"""
Speaker Profile Model

Represents a speaker's voice characteristics extracted from audio,
used for identification and matching.
"""

from dataclasses import dataclass
from typing import Optional

import numpy as np


@dataclass
class SpeakerProfile:
    """
    Speaker profile containing voice embeddings and metadata.

    Attributes:
        speaker_id: Unique identifier (e.g., "SPEAKER_00", "SPEAKER_01")
        embedding: Numerical representation of voice characteristics
        source_audio: Path to the audio file this profile was extracted from
        start_time: Start time in source audio (seconds)
        end_time: End time in source audio (seconds)
        confidence: Quality/reliability metric (0.0-1.0)
    """

    speaker_id: str
    embedding: np.ndarray
    source_audio: str
    start_time: float
    end_time: float
    confidence: float = 1.0

    def __post_init__(self):
        """Validate speaker profile data."""
        if self.embedding is None or len(self.embedding) == 0:
            raise ValueError("Embedding vector cannot be empty")
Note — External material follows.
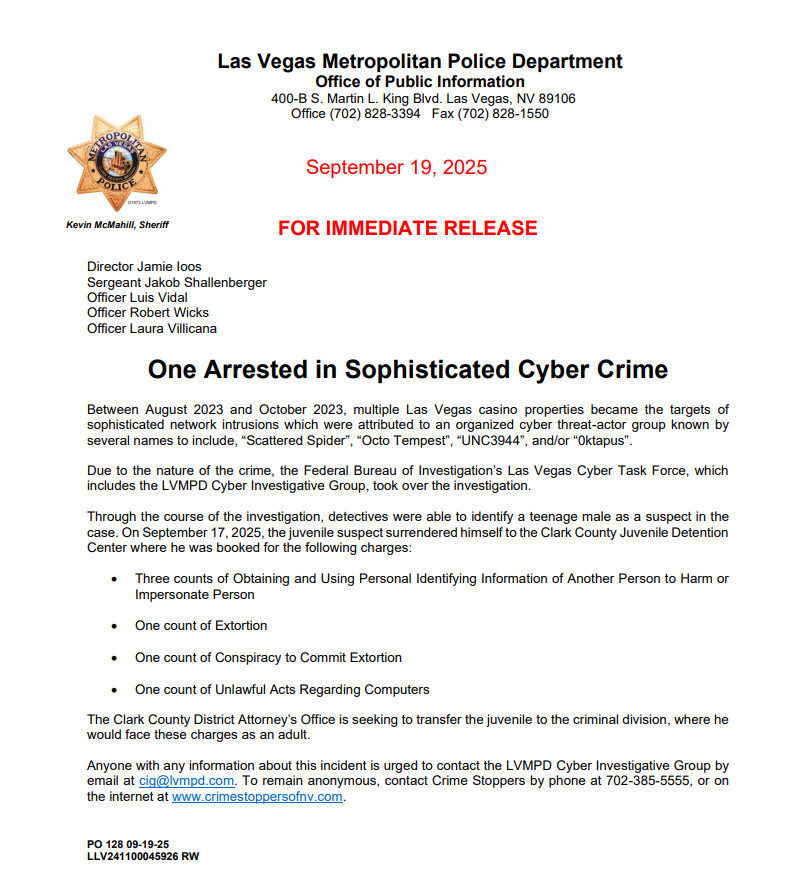 라스베가스 대형 카지노 업체들을 대상으로 이뤄진 사이버 공격에 연루된 미성년자가 구금됐다.
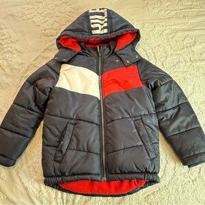 Keep your child warm and stylish with this navy and red hooded jacket. Perfect for chilly days.

        if self.end_time <= self.start_time:
            raise ValueError(
                f"End time ({self.end_time}) must be after start time ({self.start_time})"
            )

        if not 0.0 <= self.confidence <= 1.0:
            raise ValueError(f"Confidence must be between 0.0 and 1.0, got {self.confidence}")

        duration = self.end_time - self.start_time
        if duration < 3.0:
            raise ValueError(f"Duration ({duration}s) is too short (minimum 3 seconds recommended)")

    @property
    def duration(self) -> float:
        """Calculate duration of the profile in seconds."""
        return self.end_time - self.start_time

    def __repr__(self) -> str:
        return (
            f"SpeakerProfile(speaker_id='{self.speaker_id}', "
            f"duration={self.duration:.2f}s, "
            f"confidence={self.confidence:.2f})"
        )